*** Opening of Supplied material ***
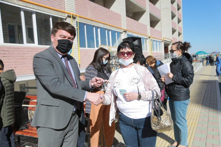 Счастливые новоселы заселились в 240 новых квартир, находящихся в микрорайоне Нурсая, и в 70 квартир микрорайона Береке.
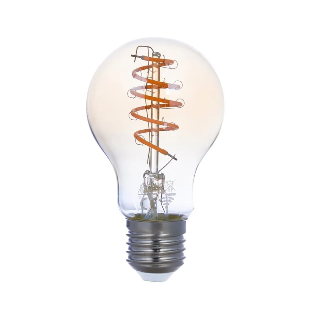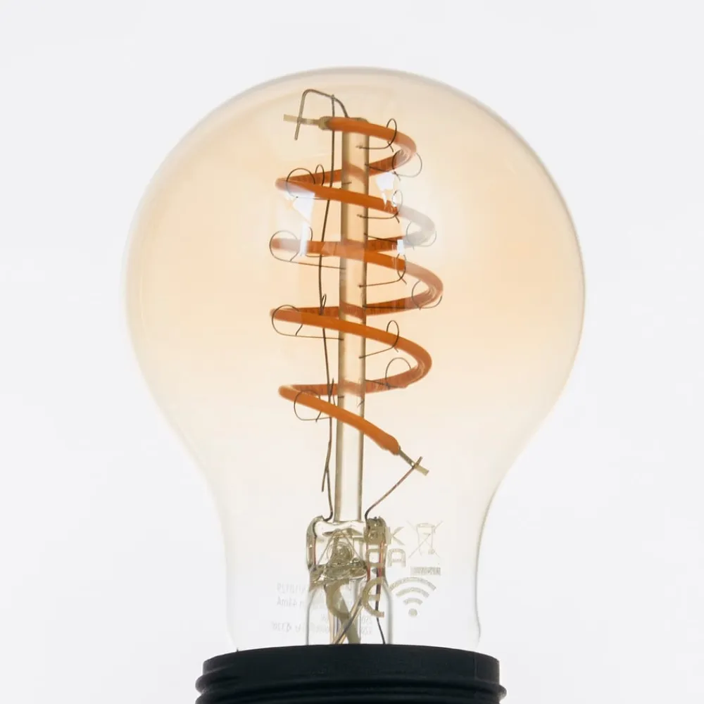 Filamentpære med E27-fatning og ravfarvet overflade – kan styres via WLAN og Tuya-appen Den genererer desuden en varmhvid (2.500 K) lysfarve og skaber en hyggelig atmosfære. Derudover er stemmestyring mulig ved hjælp af Amazon Alexa eller Google Assistant.
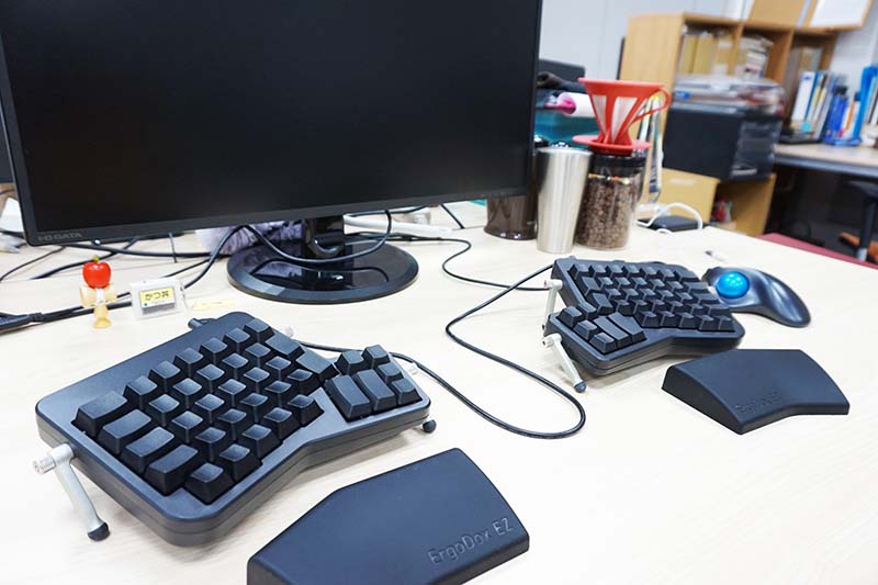 特にキーボードにこだわりがあったわけではなく、体格的に肩幅が広く、以前からMacBookのキーボードを使用していると、肩に負担がかかるのを感じていました。風の噂でセパレートキーボードを知り、技術評価制度で表彰されて軍資金を得たので、少しお高めのErgoを購入しました。
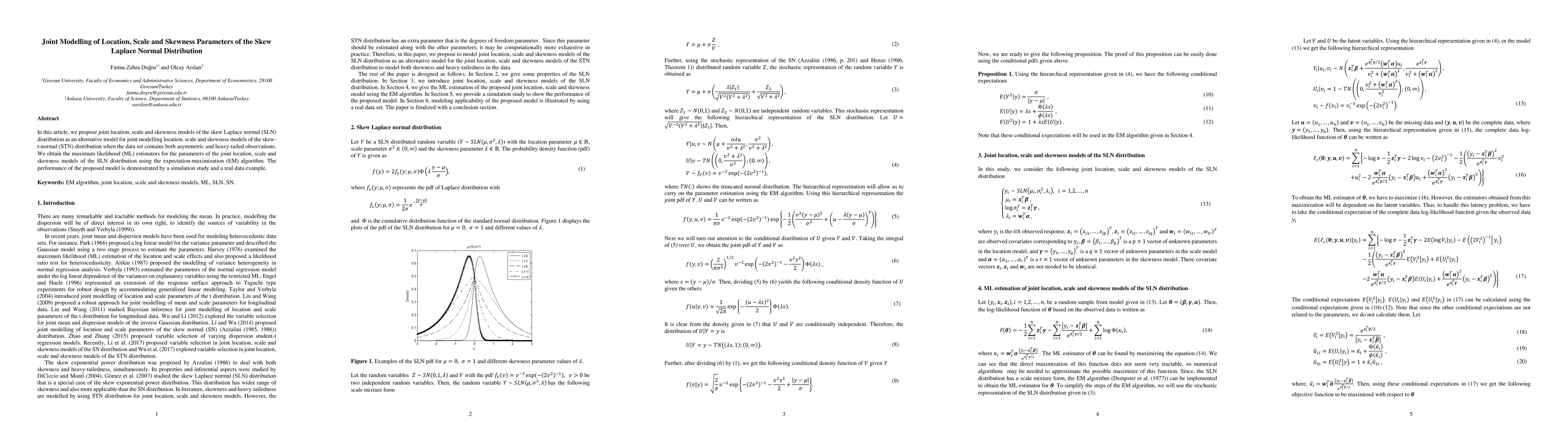 This paper proposes joint location, scale, and skewness models for the skew Laplace normal distribution as an alternative to skew-t-normal models for data with asymmetric and heavy-tailed characteristics. Maximum likelihood estimators are obtained using the EM algorithm, and the model's performance is validated through simulations and real data analysis.
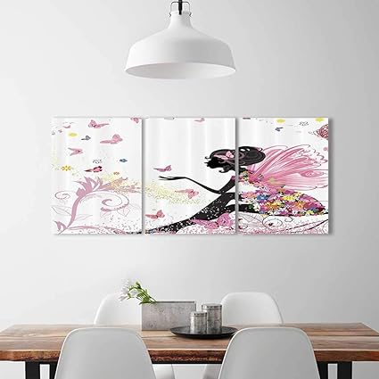 Shuaxin 1 Piece Wall Art Girl In Blue Dress And Butterfly Flying
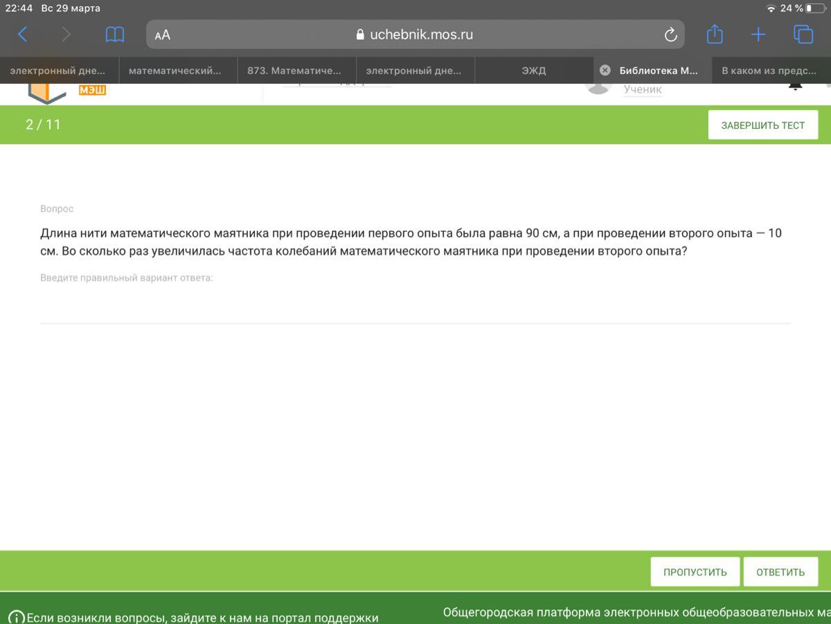 т.к. длина уменьшилась в 9 раз, то частота увеличилась в 3 раза, т.к. длина под корнем.
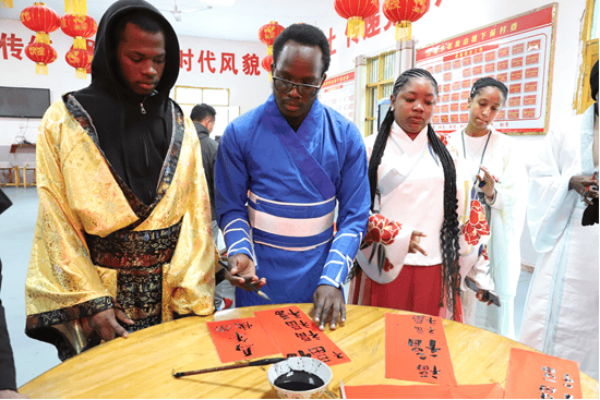 红灯高挂迎新春,墨香氤氲传情谊。2月2日下午,江西新余良山镇下保村文化礼堂热闹非凡,由江西工程学院马克思主义学院联合语言与传播学院(国际教育学院)、党办、图书馆等单位共同举办的“新春添年味,笔墨送祝福”寒假留学生迎新春活动在此温情启幕。来自尼日利亚、津巴布韦、巴基斯坦、刚果(金/布)等国家的10名外国留学生,走进这座全国乡村旅游重点村——下保村,在笔墨挥洒间感受中国年味,于乡土烟火中读懂中国乡村振兴的生动实践。
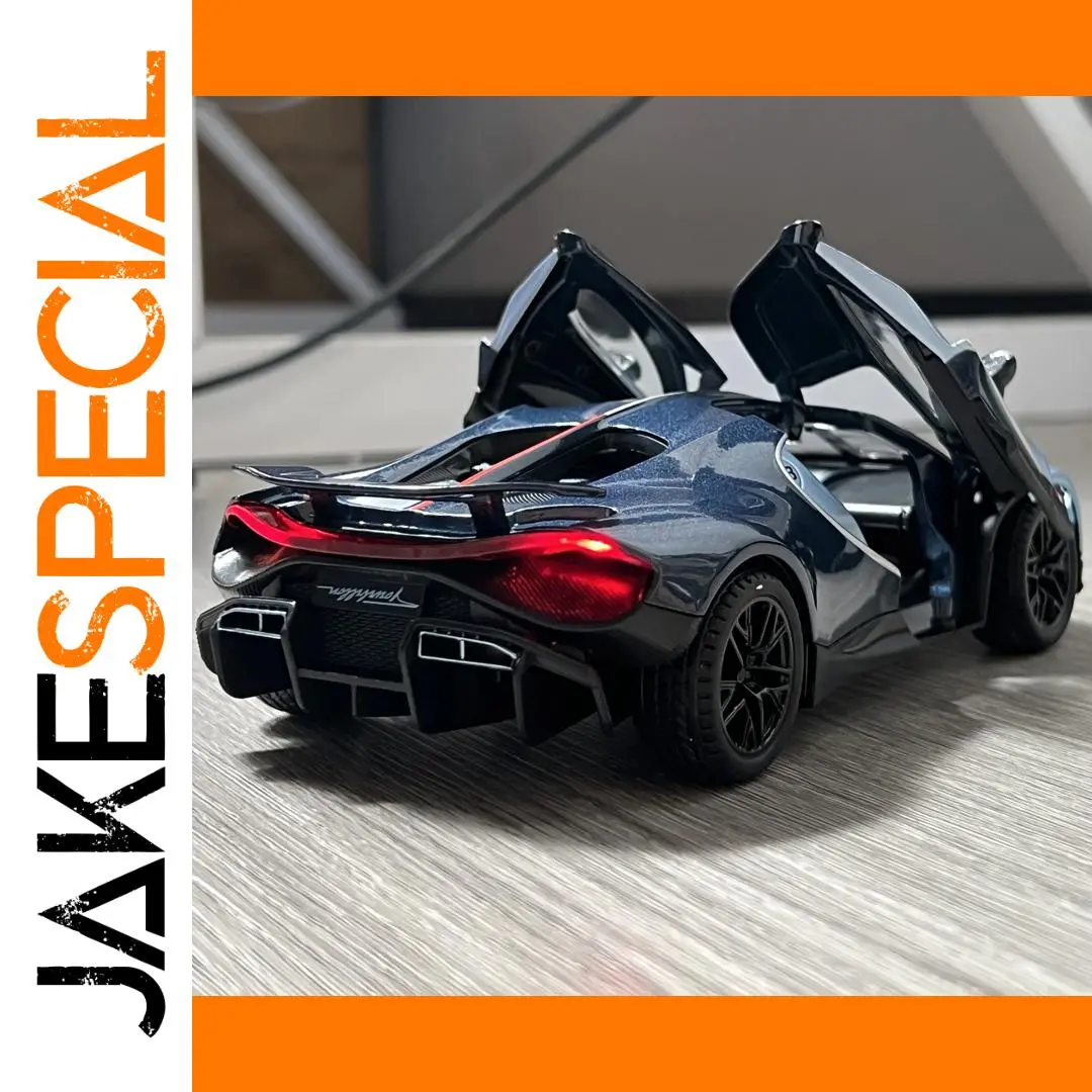 Immerse yourself in the thrill of high-performance with this 1:24 scale diecast alloy supercar model, featuring a sleek, aerodynamic design finished in metallic dark gray, black, blue, or gold. This detailed collectible boasts illuminated red taillights, a rear spoiler, venting, and multi-spoke alloy wheels with textured tires, capturing the essence of luxury and sportiness. Equipped with sound and light functions powered by button batteries, it offers an interactive display that enhances its realism. Crafted from durable alloy metal, this model is perfect for display, collection, or as a sophisticated gift for adult enthusiasts, combining precision craftsmanship with modern aesthetics.
*** Close of Supplied material ***
## [Directions]
Beginning with the line holding "Filamentpære med E27-fatning" in the material above, restate word for word each line through the line holding "红灯高挂迎新春,墨香氤氲传情", and exclude pictures.

## [Finished task]
 Filamentpære med E27-fatning og ravfarvet overflade – kan styres via WLAN og Tuya-appen Den genererer desuden en varmhvid (2.500 K) lysfarve og skaber en hyggelig atmosfære. Derudover er stemmestyring mulig ved hjælp af Amazon Alexa eller Google Assistant.
 特にキーボードにこだわりがあったわけではなく、体格的に肩幅が広く、以前からMacBookのキーボードを使用していると、肩に負担がかかるのを感じていました。風の噂でセパレートキーボードを知り、技術評価制度で表彰されて軍資金を得たので、少しお高めのErgoを購入しました。
 This paper proposes joint location, scale, and skewness models for the skew Laplace normal distribution as an alternative to skew-t-normal models for data with asymmetric and heavy-tailed characteristics. Maximum likelihood estimators are obtained using the EM algorithm, and the model's performance is validated through simulations and real data analysis.
 Shuaxin 1 Piece Wall Art Girl In Blue Dress And Butterfly Flying
 т.к. длина уменьшилась в 9 раз, то частота увеличилась в 3 раза, т.к. длина под корнем.
 红灯高挂迎新春,墨香氤氲传情谊。2月2日下午,江西新余良山镇下保村文化礼堂热闹非凡,由江西工程学院马克思主义学院联合语言与传播学院(国际教育学院)、党办、图书馆等单位共同举办的“新春添年味,笔墨送祝福”寒假留学生迎新春活动在此温情启幕。来自尼日利亚、津巴布韦、巴基斯坦、刚果(金/布)等国家的10名外国留学生,走进这座全国乡村旅游重点村——下保村,在笔墨挥洒间感受中国年味,于乡土烟火中读懂中国乡村振兴的生动实践。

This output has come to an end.